DALLAS (CBS11) - Say "cheese" when you board a DART train this summer. The transit agency is adding cameras, with some controversial new technology to follow.
Starting this summer, the transit agency will begin installing cameras inside its 163 trains.
"The camera actually is a manpower modifier," says DART Police Chief James Spiller. "It enhances our manpower. We can't be everywhere."
After a year of high-profile DART crimes, including a stabbing and a sexual assault, it's meant to be a crime deterrent.
DART plans to add facial recognition software. It can cross-reference images of wanted riders with the DART database.
"For those people where we have video shots where they have done something wrong, violated our code of conduct or conducted some type of criminal activity, it will allow us to have a picture of them," says Chief Spiller.
DART riders we spoke to had mixed feelings about the technology.
"I think it's really cool," says Sarah White. "I think it'll make people think twice about wanting to do anything on there."
"I think using technology to keep people safe is a good idea. It's just I'm not sure about the privacy thing, though," says Mark Peckinpaugh.
Former U.S. Attorney Richard Roper says that's a legitimate concern.
"What is that information being harvested for and where's that information going? Along with, what is the information that they're using to populate the database that they compare?" he asks.
Chief Spiller says they will not keep the images and will only compare to their database.
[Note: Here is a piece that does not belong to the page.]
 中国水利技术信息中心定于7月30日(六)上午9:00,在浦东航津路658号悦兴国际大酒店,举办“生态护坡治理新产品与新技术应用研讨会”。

He thinks it will be an exciting and effective use of technology.
"We're hoping to change behavior," he says.
DART will pay $4.8 million for the cameras. They don't yet have the funding for the facial recognition software but plan to have it installed by 2018.
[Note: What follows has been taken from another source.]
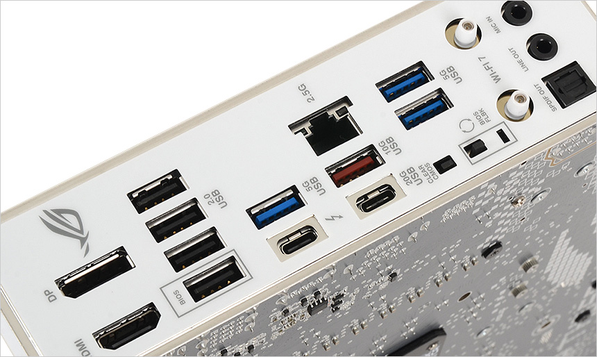 뿐만 아니라 썬더볼트 단자를 지원해 초고속 데이터 전송이 가능하며 USB 3.2 Gen2x2 와 Gen2, Gen1 등 다양한 USB 슬롯을 제공해 편하게 주변기기를 연결할 수 있다. S/PDIF를 포함한 오디오 단자가 설치되어 있고 2.5G 이더넷 단자와 Wi-Fi 7 무선랜 사용을 위한 2개의 안테나 단자가 설치되어 있는것도 눈에 띈다. (안테나 단자는 볼트를 돌려주어야 했던 예전과 달리 밀어주면 자동 장착되도록 설계해 편의성을 높였다.)

ACLU Senior Policy Analyst Jay Stanley issued a statement to CBS 11 about the facial recognition technology:
"The use of facial recognition technology for general surveillance is inappropriate and invasive, and we should not go down that road. It will turn the surveillance cameras that already record many public locations into intelligent 'watchers' monitoring where we are, when, and who we're with. That is a lot of centralized power to give the authorities, and ultimately, such widespread surveillance will not only lead to abuses but will change the character, feel, and quality of American life."